#### Task objective:
Retype only the lines running from the beginning of the entries below to the line with "VCL Group we", both included. Do not include pictures.

(Stored items from a collection)
'''
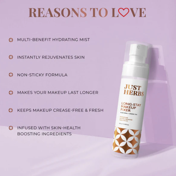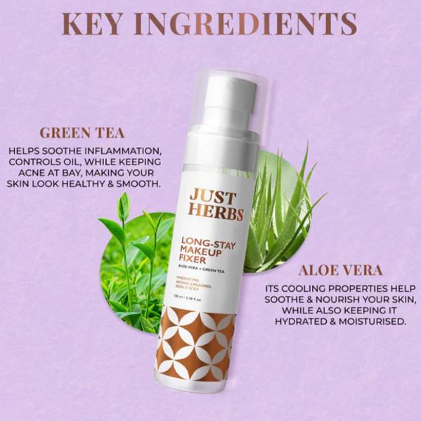 Just Herbs's Makeup Fixer Spray | Long-Stay | Aloe Vera & Green Tea | 100 ml | Natural beauty
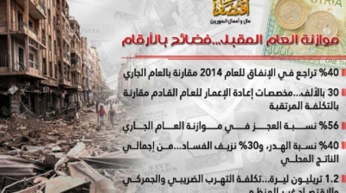 وافقت حكومة النظام منذ أيام على مشروع موازنة العام 2014، والمُقدّرة بـ 1.39 تريليون ليرة سورية، بزيادة تُقدّر بسبعة مليارات ليرة على موازنة العام الجاري 2013 التي بلغت 1.32 تريليون ليرة سورية، حسب وكالة أنباء النظام "سانا".
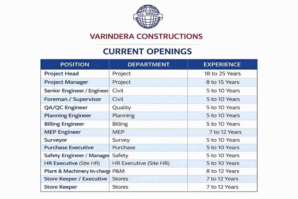 VCL Group we are conducting a recruitment drive for a large-scale industrial Building Project in Jamnagar, Gujarat.
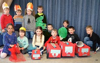 Den Anfang machten die Bausendorfer mit einem tollen Theaterstück über „Fips Feuerwehr“, ein kleines Feuerwehrauto, das Riesenmut beweist und immer wieder als Retter in der Not einspringt, wenn die größeren Autos in der Garage bleiben. Eine Augenweide waren die selbstgebastelten Requisiten, allen voran der Fuhrpark von Feuerwehrautos, die sogar die Namen der Kinder trugen.
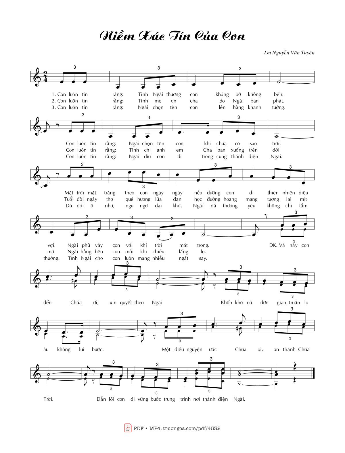 Chọn nút dấu + để tăng tông lên nửa cung, nút dấu - để giảm tông xuống nửa cung. Rê chuột vào hợp âm để xem các thế bấm hợp âm của bài hát Niềm xác tín của con.
'''
#### Output for this exercise:
 Just Herbs's Makeup Fixer Spray | Long-Stay | Aloe Vera & Green Tea | 100 ml | Natural beauty
 وافقت حكومة النظام منذ أيام على مشروع موازنة العام 2014، والمُقدّرة بـ 1.39 تريليون ليرة سورية، بزيادة تُقدّر بسبعة مليارات ليرة على موازنة العام الجاري 2013 التي بلغت 1.32 تريليون ليرة سورية، حسب وكالة أنباء النظام "سانا".
 VCL Group we are conducting a recruitment drive for a large-scale industrial Building Project in Jamnagar, Gujarat.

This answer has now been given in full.